The authors embrace a follow-up experiment (NoOp-NoOp) during which the fashions are implicitly “warned” of the deceptive intent: they use few-shot examples that additionally include irrelevant info. The subset of fashions illustrated with this experiment nonetheless present a drop in efficiency. A number of follow-up experiments might serve to raised perceive the phenomenon:

  1. Develop the NoOp-NoOp experiment to extra fashions;
  2. Measure how nicely fashions carry out when explicitly warned that some info could also be irrelevant within the immediate;
  3. High quality-tune fashions on artificial coaching examples that embrace irrelevant info along with examples that include fully related info.

Whereas the paper by Mirzadeh et al. highlights necessary limitations in present LLMs, at Gretel now we have developed datasets that deal with lots of the challenges recognized within the paper:

  1. Artificial GSM8K Dataset: Out there on HuggingFace at gretelai/synthetic-gsm8k-reflection-405b, this dataset focuses on producing extra advanced, multi-step reasoning variations of issues than what existed within the authentic human generated dataset from OpenAI. It incorporates superior prompting strategies, together with Reflection and different cognitive fashions, to seize detailed reasoning processes. This strategy has proven important enhancements, significantly for very exhausting issues, demonstrating its potential to reinforce AI’s capability to deal with advanced, multi-step reasoning duties. As lined in our weblog, Gretel’s artificial information created utilizing these strategies achieved a 92.3% win-rate on downside complexity and an 82.7% win-rate for academic worth over the usual Llama 3.1 405B parameter mannequin outputs, utilizing these superior strategies as judged by GPT-4o– demonstrating that LLM reasoning can additional be unlocked with extra subtle coaching information examples and prompting strategies than the fundamental Chain-of-Thought used within the paper.
Supply: https://gretel.ai/weblog/teaching-ai-to-think-a-new-approach-with-synthetic-data-and-reflection

2. Artificial Textual content-to-SQL Dataset: Generated by Gretel to assist enhance LLMs capability to work together with SQL-based databases/warehouses & lakes, obtainable at gretelai/synthetic_text_to_sql, has confirmed extremely efficient in bettering mannequin efficiency on Textual content-to-SQL duties. When used to fine-tune CodeLlama fashions, it led to 36%+ enhancements on the BIRD benchmark, a difficult cross-domain Textual content-to-SQL analysis platform. Additional supporting the idea about right now’s LLMs being skilled on information that’s too easy and resulting in memorization, a single epoch of fine-tuning the Phi-3 and Llama 3.1 fashions on this dataset yielded a 300%+ enchancment on BIRD benchmark issues labeled as “very exhausting”.

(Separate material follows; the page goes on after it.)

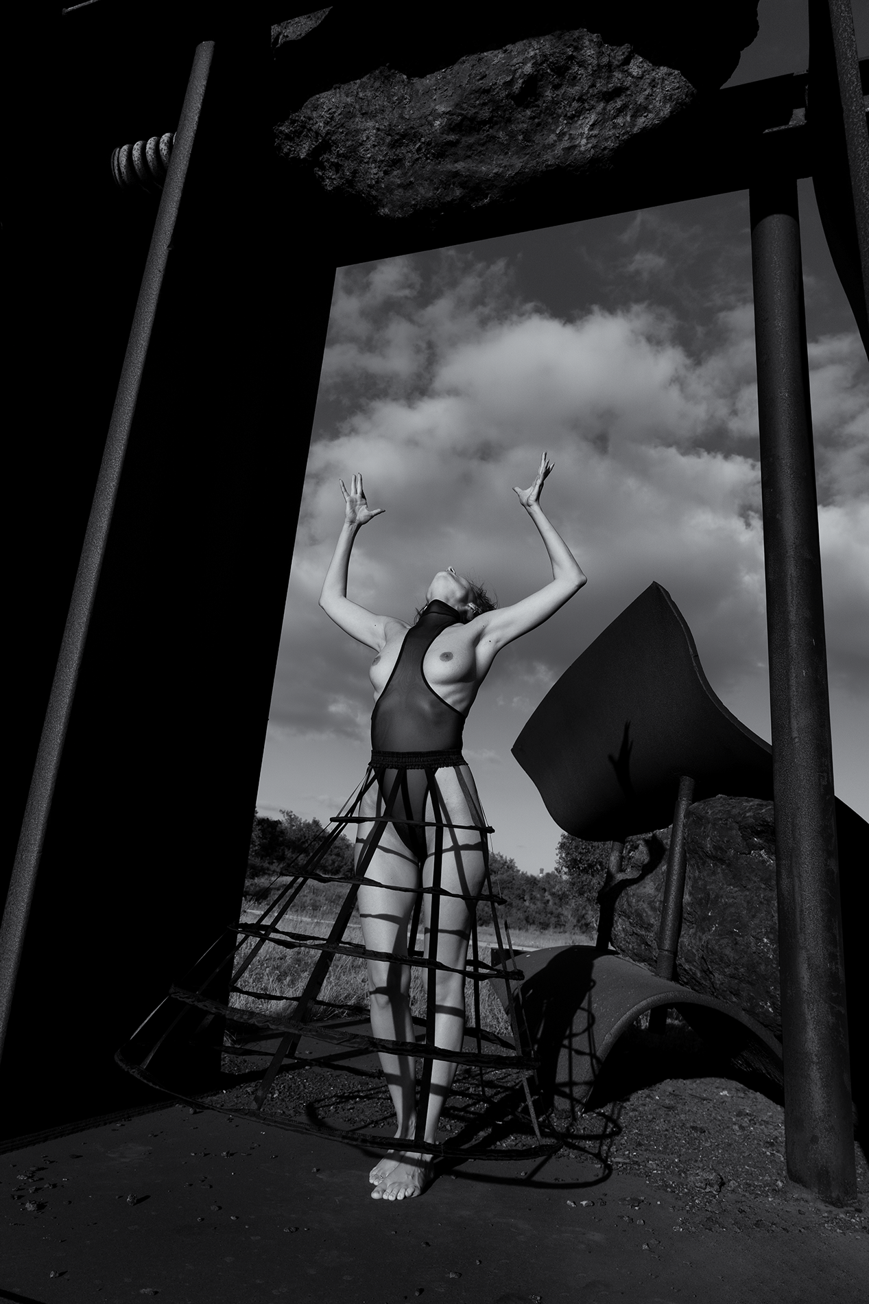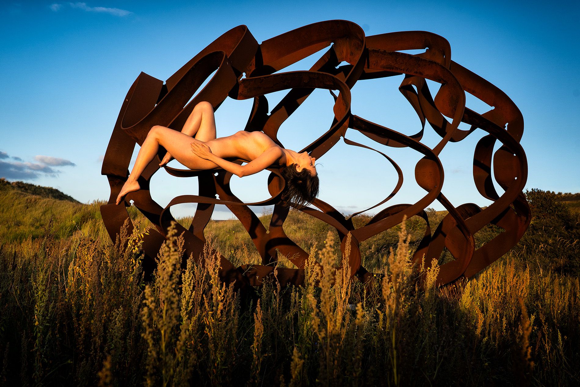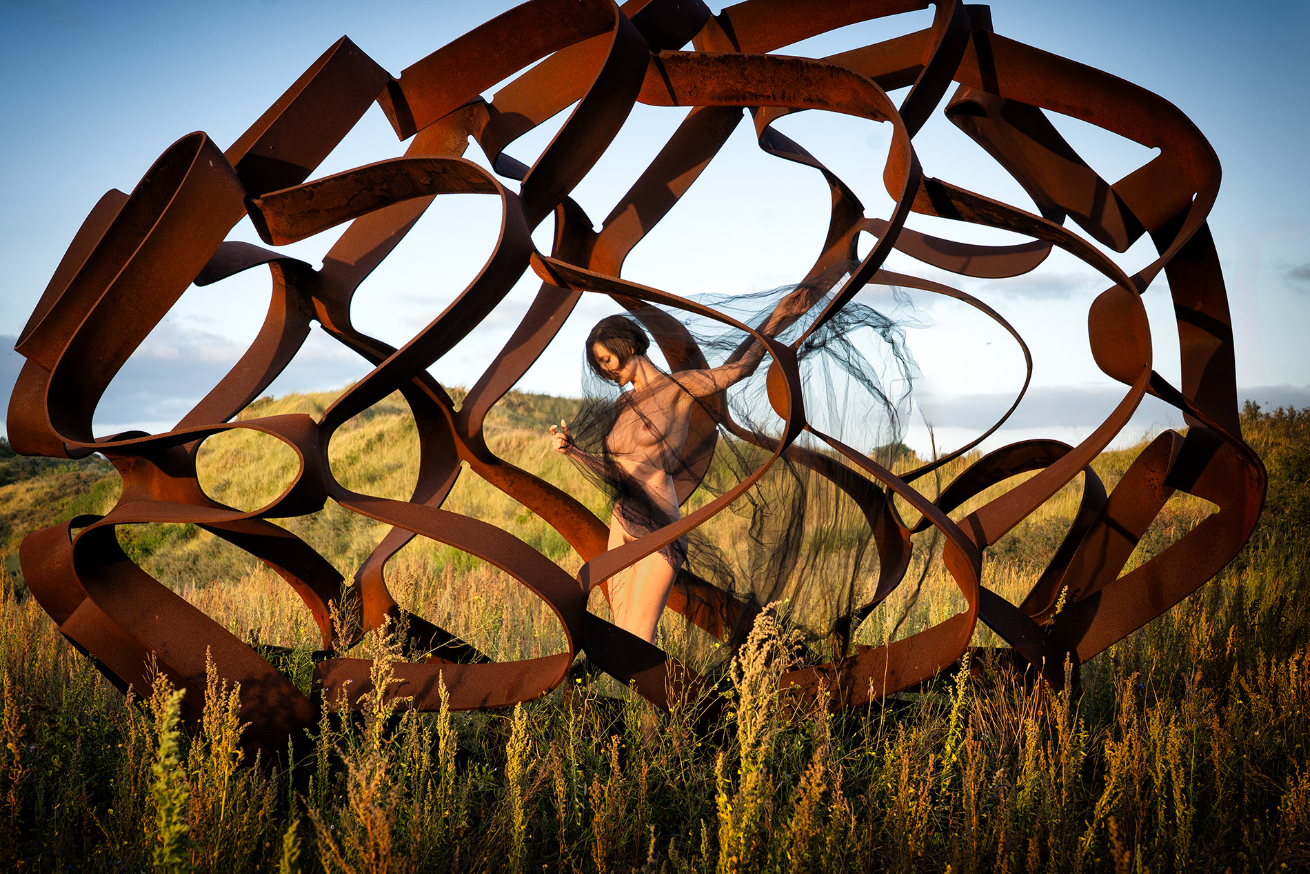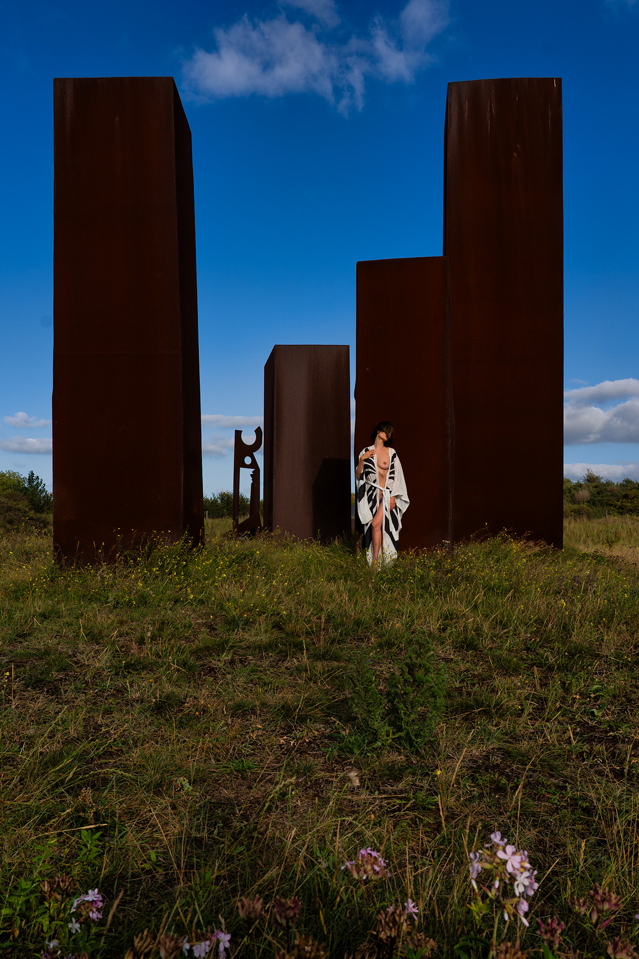 This shoot Christall (@christall4) and I planned months in advance. Location is close to maybe the most polluted spot in the Netherlands. Its an art park close to the steel plant of Tata steel. its located in the dunes, close to the beach and sea. The Park is called :'Zee van Staal", or Sea of steel". It consists of about 15 huge steel constructions, most of Corten Steel.
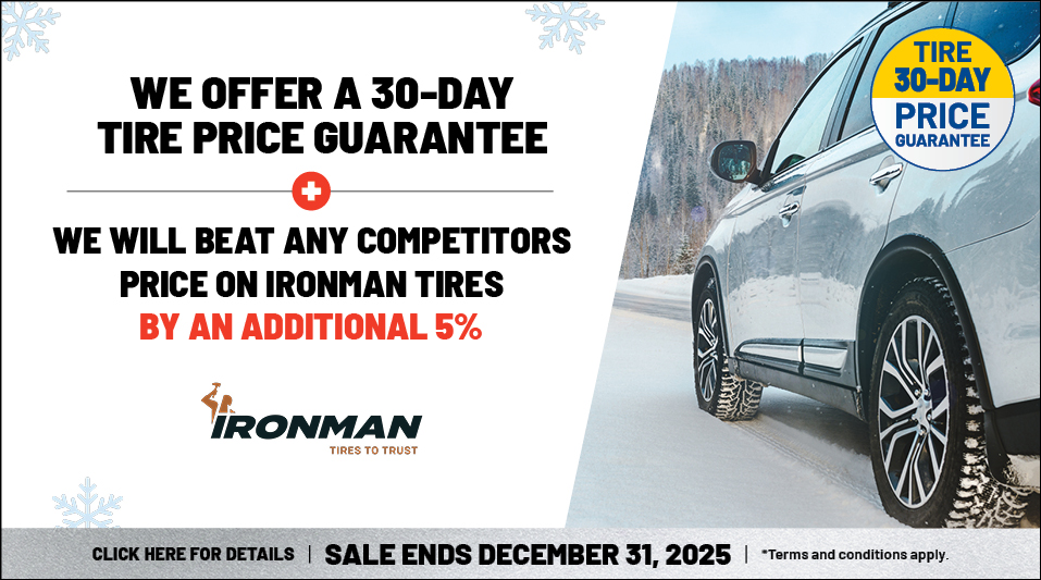 We have a 30-day price guarantee on our tires. If you find a lower advertised price at a local competitor, we’ll refund the difference.

These outcomes demonstratethat high-quality artificial information is usually a highly effective software in addressing the constraints of present LLMs in advanced reasoning duties.

In conclusion, the GSM-Symbolic paper gives beneficial insights into the present limitations of LLMs in mathematical reasoning duties. Nevertheless, its conclusions must be approached critically. The noticed habits of LLMs might be interpreted in a number of methods, and it’s potential that the paper’s emphasis on sample matching over reasoning could also be oversimplifying a extra advanced problem.

The constraints recognized by the examine are actual and important. The variability in efficiency, sensitivity to numerical adjustments, and struggles with irrelevant info all level to areas the place present LLMs might be improved.

Nevertheless, as demonstrated by extra superior fashions similar to GPT-4o and Llama 3.1 above- by synthesizing numerous, difficult downside units that push the boundaries of what AI fashions can deal with, we are able to develop LLMs that exhibit extra strong, human-like reasoning capabilities.

  1. I. Mirzadeh, Okay. Alizadeh, H. Shahrokhi, O. Tuzel, S. Bengio, and M. Farajtabar. GSM-Symbolic: Understanding the Limitations of Mathematical Reasoning in Massive Language Fashions. 2024.